→ Assigned task
Write out exactly the lines from the one containing "Yesido TWS19 Bluetooth" through the last line of the records below, both included, and leave out any pictures.

→ Record excerpts
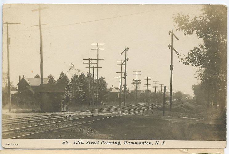 Plenty of communications open wire here! Maybe some line upgrading was going on when this photo was taken? Or perhaps competitors' routes ran along the RR tracks? You can count this as a *quadruple* bunch of total pole lines if you include the single arm line that crosses the railroad tracks (see pole on the extreme left). ;-) |
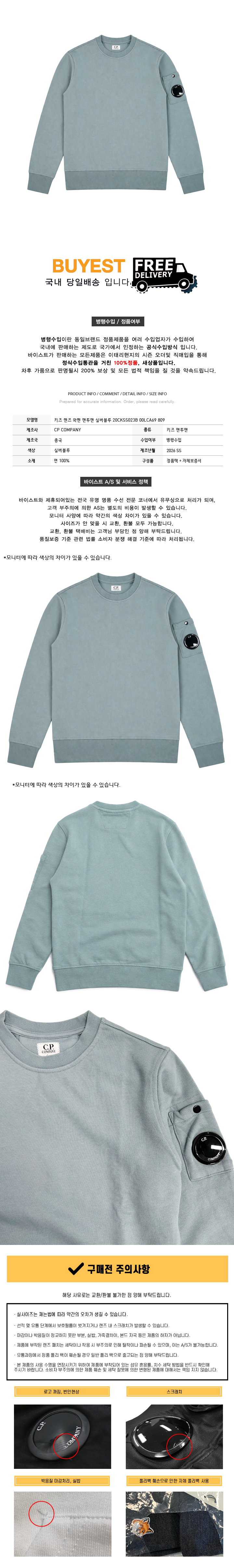 * 모 델 명 : 키즈 렌즈 와펜 맨투맨 실버블루 20CKSS023B 00LCA69 809
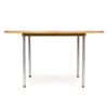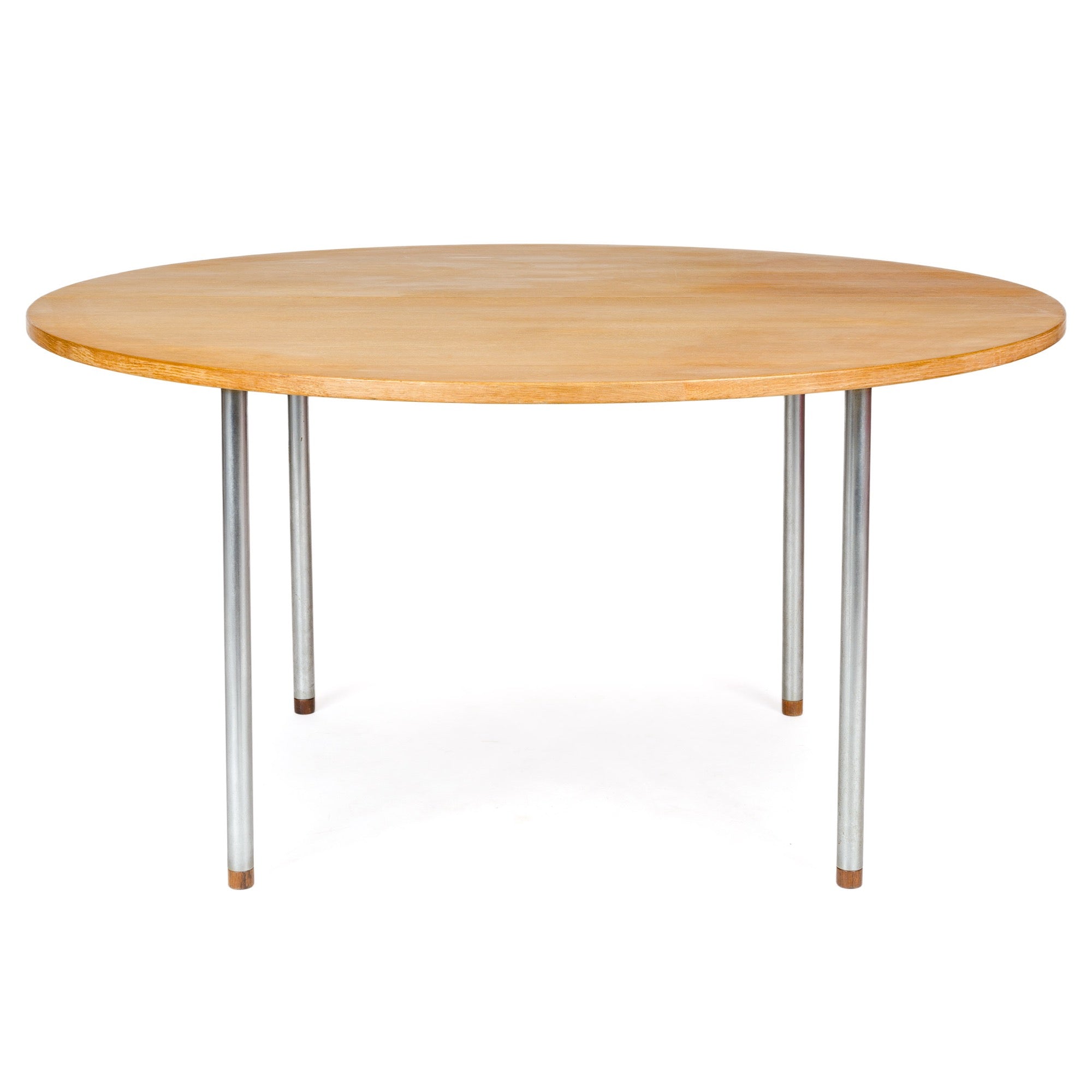 A round extension dining table with oak top set on four tubular chrome legs each tipped with a rosewood insert. Chairs sold separately.
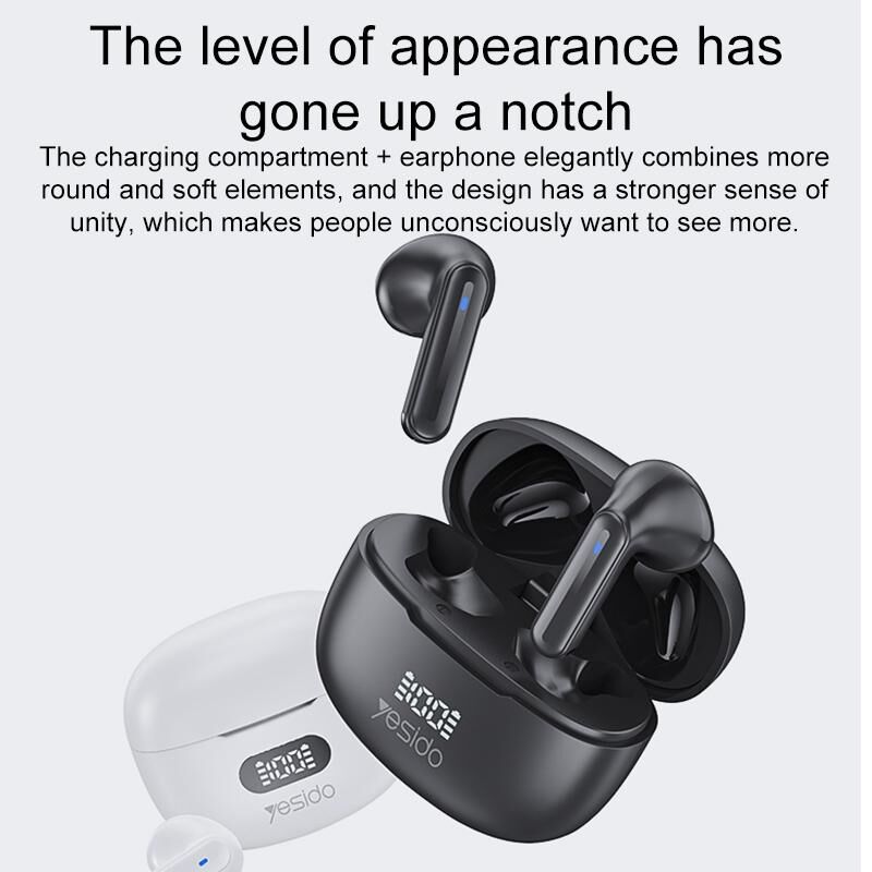 Yesido TWS19 Bluetooth 5.3 LED Digital Display ENC Noise Reduction Bluetooth Earphone (White) (Yesido)
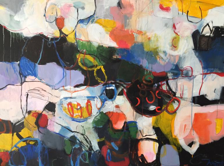 Original, colorful acrylic and pencil on canvas. Sides are painted and varnish applied.
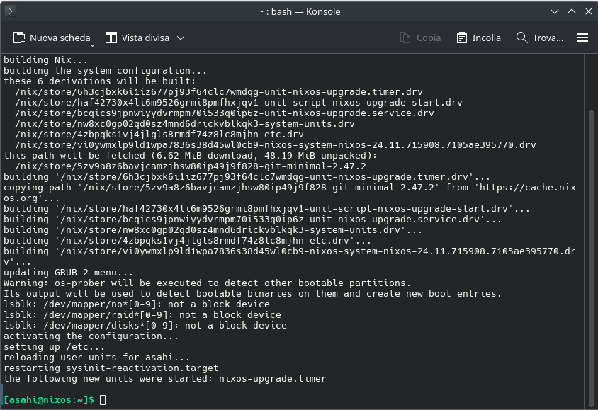 Ora abbiamo configurato correttamente gli aggiornamenti automatici in NixOS:
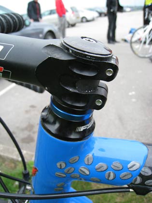 ![]() A couple of spacers underneath the stem, plus one above – which allows extra room for the steerer tube to reach through the stem |
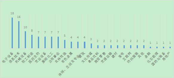 在今年已發(fā)生的并購案例中,來自傳統(tǒng)行業(yè)的買方比較活躍。細分看,今年128起并購案例中涉及24個一級行業(yè)。其中,電子設(shè)備行業(yè)居于首位,并購案例達18起,其次是信息技術(shù)、機械設(shè)備行業(yè)并購案例分別達到16例、10例。

→ Your response
 Yesido TWS19 Bluetooth 5.3 LED Digital Display ENC Noise Reduction Bluetooth Earphone (White) (Yesido)
 Original, colorful acrylic and pencil on canvas. Sides are painted and varnish applied.
 Ora abbiamo configurato correttamente gli aggiornamenti automatici in NixOS:
 ![]() A couple of spacers underneath the stem, plus one above – which allows extra room for the steerer tube to reach through the stem |
 在今年已發(fā)生的并購案例中,來自傳統(tǒng)行業(yè)的買方比較活躍。細分看,今年128起并購案例中涉及24個一級行業(yè)。其中,電子設(shè)備行業(yè)居于首位,并購案例達18起,其次是信息技術(shù)、機械設(shè)備行業(yè)并購案例分別達到16例、10例。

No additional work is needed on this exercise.